Tantangan kedua yang dihadapi CTRA adalah keterbatasan dalam penemuan dan akuisisi proyek-proyek baru. Meskipun perseroan aktif dalam negosiasi lima proyek joint operation (JO) baru, kemungkinan besar kesepakatan tersebut tidak akan rampung dan berkontribusi pada presales di tahun 2025. Oleh karena itu, CTRA harus mengandalkan proyek-proyek yang sudah ada (eksisting) untuk mencapai target penjualan tahun ini.
Senada dengan pandangan CTRA, Nafan Aji Gusta, Senior Market Analyst dari Mirae Asset Sekuritas, turut mengemukakan bahwa sektor properti di Indonesia masih bergulat dengan tantangan daya beli masyarakat yang lemah serta tingkat suku bunga Bank Indonesia (BI) yang tinggi. Ia menambahkan bahwa kinerja marketing sales emiten properti secara keseluruhan masih belum memenuhi ekspektasi pasar, seperti yang disampaikannya kepada Kontan pada Selasa (17/5).
Namun demikian, Nafan melihat adanya potensi dukungan bagi kinerja CTRA melalui insentif Pajak Pertambahan Nilai Ditanggung Pemerintah (PPN DTP) yang diharapkan dapat diperpanjang hingga akhir 2025. Pada kuartal I lalu, Rp 1,4 triliun dari marketing sales CTRA berasal dari fasilitas PPN DTP, sementara Rp 1,75 triliun dari penjualan reguler. Untuk memanfaatkan insentif ini secara optimal, CTRA perlu memaksimalkan stok unit hunian yang siap serah terima.
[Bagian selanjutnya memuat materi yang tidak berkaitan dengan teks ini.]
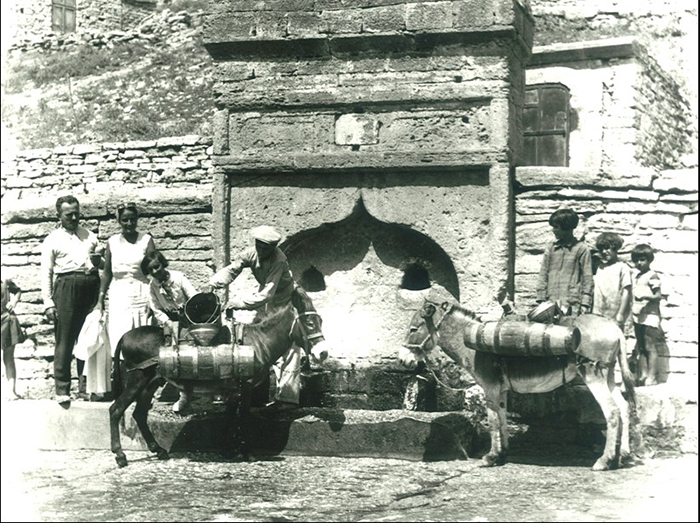 Măgarul şi sacaua, mijloc de transport al apei potabile în Cadrilater până la apariţia cişmelelor publice. Credit: https://imagoromaniae.ro

Selain itu, harapan akan penurunan suku bunga KPR masih terbuka, mengingat Bank Indonesia telah melakukan penyesuaian suku bunga acuan pada Mei lalu.
Dari sudut pandang berbeda, Indy Naila, Investment Analyst dari Edvisor Profina Visindo, menilai bahwa CTRA tetap memiliki prospek yang menjanjikan di tahun 2025. Hal ini didukung oleh permintaan properti residensial yang relatif masih kuat, serta potensi penurunan suku bunga acuan di masa depan yang dapat meringankan beban pembiayaan konsumen. Selain itu, Indy menggarisbawahi bahwa saham CTRA masih tergolong undervalued dengan rasio Price to Earning (PER) di level 6,95x. Oleh karena itu, ia merekomendasikan tindakan beli (buy) untuk saham CTRA dengan target harga Rp 1.200 per saham.
Sementara itu, Herditya Wicaksana, Analis dari MNC Sekuritas, memantau pergerakan saham CTRA pada level support Rp 955 per saham dan resistance Rp 1.010 per saham. Ia merekomendasikan strategi beli jika menembus (buy if break) untuk saham CTRA, dengan potensi target harga di rentang Rp 1.040 – Rp 1.090 per saham.